The second season of The Face premiered on March 5, 2014 on Oxygen. The season followed three supermodel coaches as they competed with each other to find 'the face' of Frédéric Fekkai's hair care brand by the same name.

Model coaches Coco Rocha and Karolína Kurková both opted to leave the show for season two. They were replaced by Anne Vyalitsyna and Lydia Hearst. Nigel Barker also joined to serve as the host for season two. The winner of the competition was 20-year-old Tiana Zarlin from San Diego, California.

Casting process
For season two, contestants had to be aged 18 as of September 1, 2013. After pre-registering themselves online, applicants had to attend an open casting call at Chelsea Studios in New York City on July 21, 2013. They could also apply online by submitting a home video. The deadline for all applications was 22 July.

Contestants
(Ages stated are at the start of filming)

Episodes

Episode 1: Let the Face Begin
First aired March 5, 2014

The season kicks off as the twelve finalists meet their mentors Anne Vyalitsyna, Lydia Hearst, and Naomi Campbell in Bryant Park, where they are divided into three teams of four. Later, they must pose together behind a storefront window in a campaign for Juicy Couture. The winning team is revealed, and one of the model hopefuls has her dreams cut short.

 Winning coach and team: Naomi Campbell 
 Bottom two: Isabelle Bianchi & Ray Clanton
 Eliminated: Isabelle Bianchi
 Special Guests: Matthew Ellenberger

Episode 2: Bare Your New Look
First aired March 12, 2014

The aspiring models receive make overs at the Frédéric Fekkai salon. For the campaign, the models must pose nude in a shoot for the brand's website. Drama escalates after Naomi calls out one of her models, throwing her into conflict with the rest of the girls. After her team is revealed to be the winner of the campaign, Naomi becomes critical of the two models the losing mentors have chosen to send into the elimination room.

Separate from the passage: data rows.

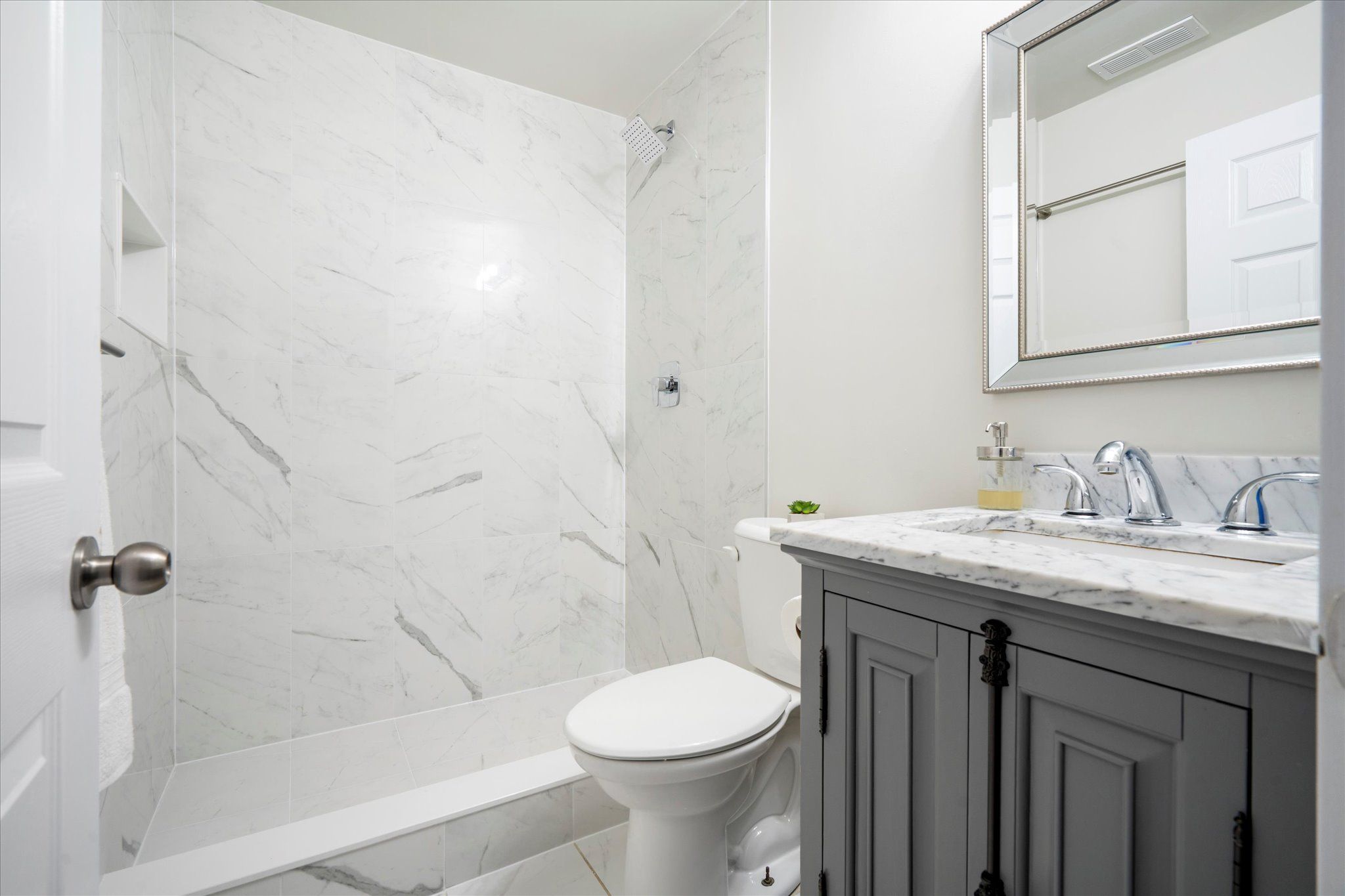 • Renovated kitchen with a natural gas stove for cooking enthusiasts.
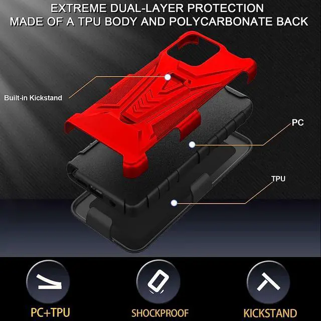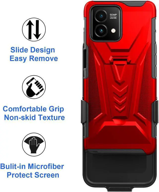 Protect your new Motorola Moto G Stylus 5G 2023 with the 3-IN-1 Advanced Armor Hybrid Kickstand Case. The ultra-strong case with textured polycarbonate shell, and a durable TPU interior skin for reinforced protection. This most rugged smartphone accessory also includes a detachable holster / belt clip that doubles as a viewing stand and screen protector to protect your screen from scratches.
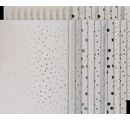 Motif block "Gray Card Hot Foil" 20 sheets with a paper weight of 250\ g/m² and a format of DIN A4. You receive 5 sheets per design. This Paper is equipped with a high-quality Hot foil print. The motives are small to large dots and stars. This Paper is printed on one side
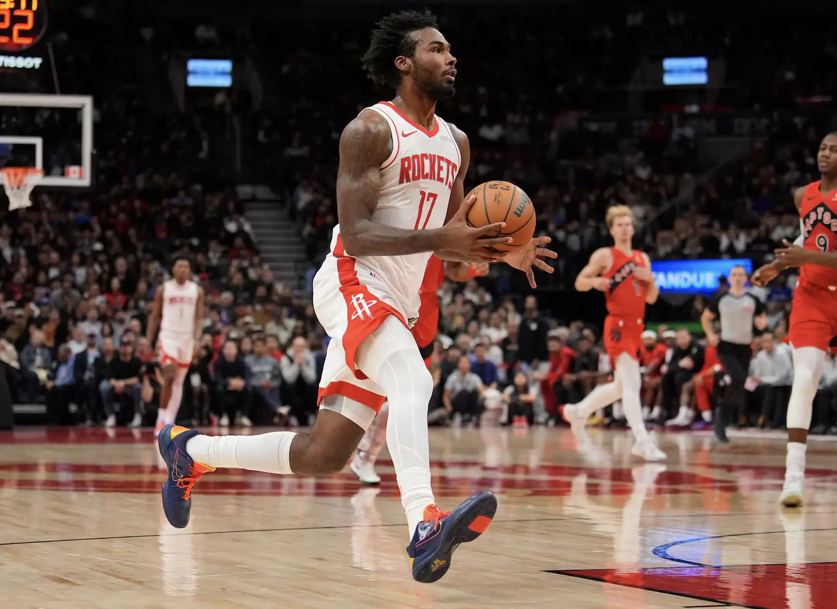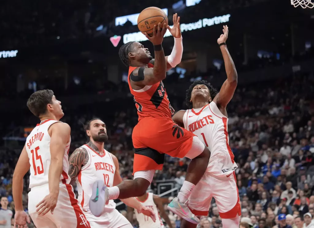 休士頓火箭在主場展現強大火力,以 139:121 擊退多倫多暴龍。開賽火箭外線迅速開啟,Jalen Green 與 Fred VanVleet 連續三分命中。暴龍雖由 Scottie Barnes 率隊追分,但防守端無法限制火箭的快速節奏,半場結束火箭已領先 72:58。
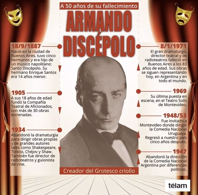 Nacido en Buenos Aires en 1887, Armando Discépolo creció en un hogar donde el arte era el pan de cada día. Su padre, Enrique Santos Discépolo, fue un inmigrante napolitano que dirigió la primera Banda Municipal de la ciudad, y su hermano menor, Enrique Santos, se convertiría en "Discepolín", uno de los más grandes poetas y compositores de la historia del tango. Este caldo de cultivo artístico encendió en el joven Armando una pasión irrefrenable por el teatro. La vocación se convirtió en profesión a los 18 años, tras la muerte de su padre, cuando decidió dedicarse por completo a las tablas.
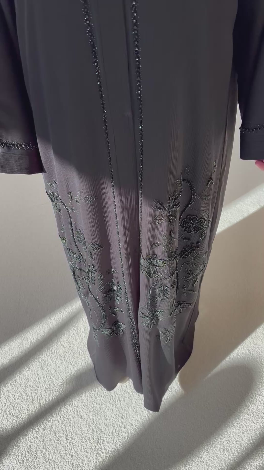 Fabriquée avec le plus grand des soins, cette magnifique abaya MADE IN DUBAI ornée de perles
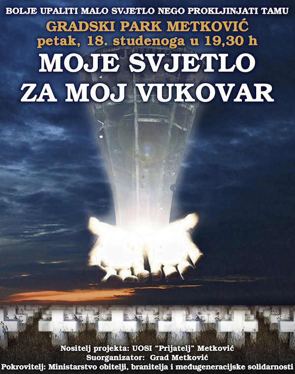 17.11.2011. - Udruga osoba s invaliditetom Prijatelj iz Metkovića i ove godine u sklopu projekta Moje svjetlo za moj Vukovar organizira paljenje svijeća u spomen na žrtvu Vukovara.
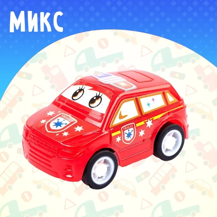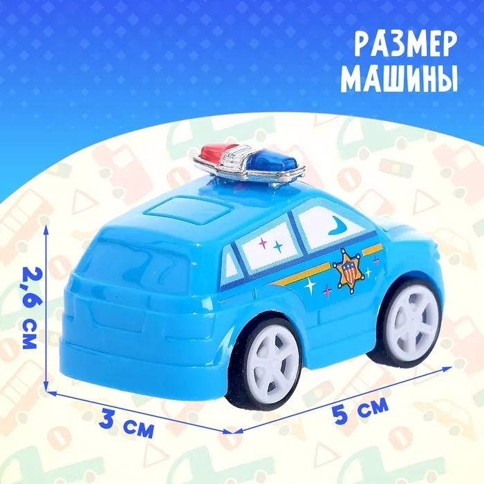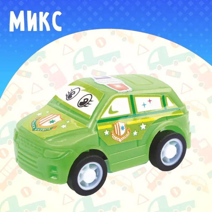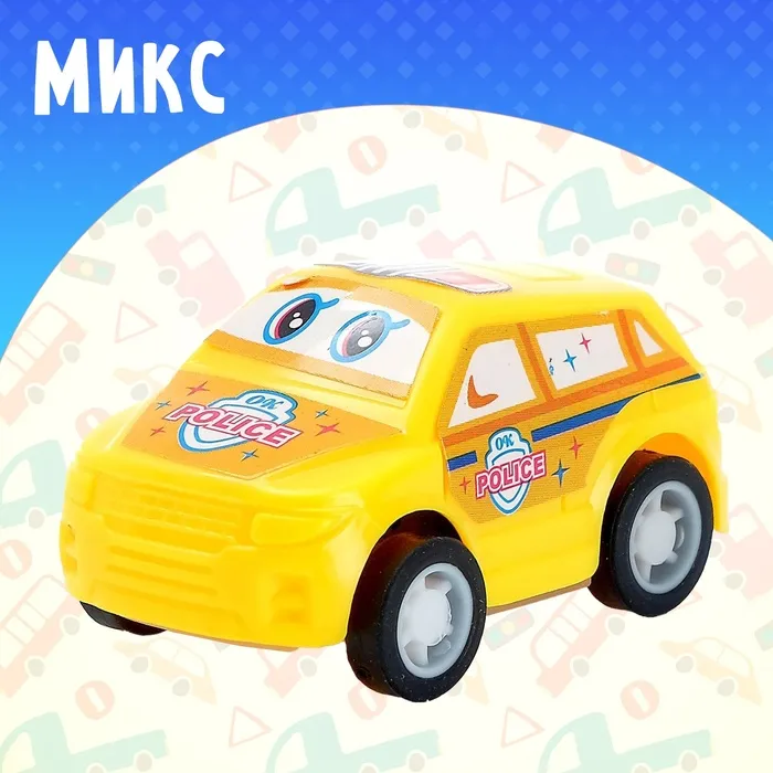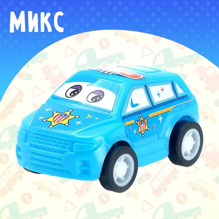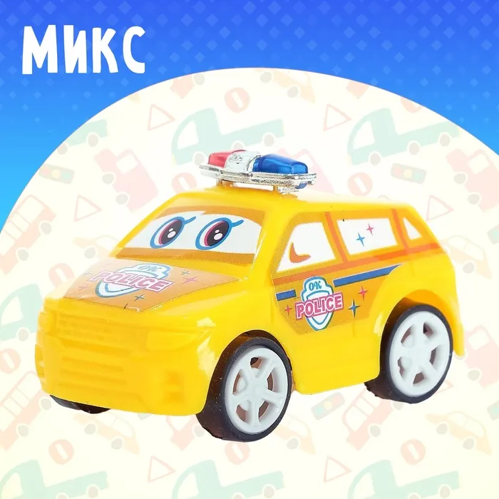 Яркая и забавная полицейская машинка с добрыми глазками станет любимцем вашего ребёнка. Автомобиль подойдёт в качестве приятного мини-сюрприза малышу или памятного подарка от именинника друзьям. Инерционный механизм приводит автомобиль в движение без батареек. Просто откатите его назад и отпустите — машинка быстро разовьёт скорость и доедет куда угодно.
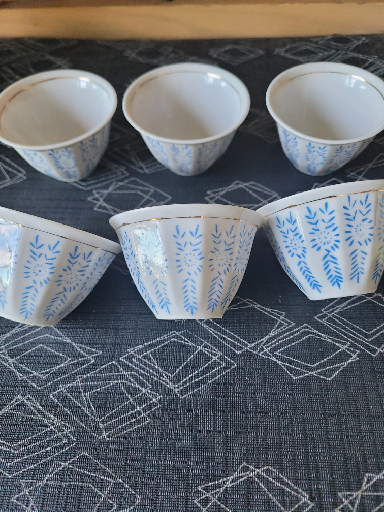 Set of 6 teacups, blue and white pattern, gold trim.

 Winning coach and team: Naomi Campbell  
 Bottom two:  Khadisha Gaye & Nakisha Bromfield
 Eliminated: Nakisha Bromfield

Episode 3: Runway Dinner Party
First aired March 12, 2014

Naomi attacks Anne and Lydia for choosing their only black models to be put on the chopping block after the racial controversy in the previous episode. The girls later meet Tyson Beckford for a catwalk lesson challenge in preparation for an upcoming runway show. For the campaign, the models must walk on top of a banquet table catwalk in Pamella Roland gowns. The episode culminates in the emotional breakdown of one of the contestants, and for the first time ever, one of the coaches barges into the elimination room mid-ceremony.

 Winning coach and team: Anne Vyalitsyna
 Bottom two: Kira Dikhtyar  & Ray Clanton
 Eliminated: Kira Dikhtyar
 Special Guests: Pamella Roland, Tyson Beckford

Episode 4: Sell, Sell, Sell!
First aired March 26, 2014

The test shoots are thrown out the window as the models are told that they will have to take on the rest of the campaigns unprepared. After the news are revealed the contestants are introduced to their client for the campaign, the CEO of lifestyle brand Alex and Ani, Giovanni Feroce. The goal for the shoot is to create a thirty-second commercial in just one take. Back in the loft, a feud takes place between two of the models.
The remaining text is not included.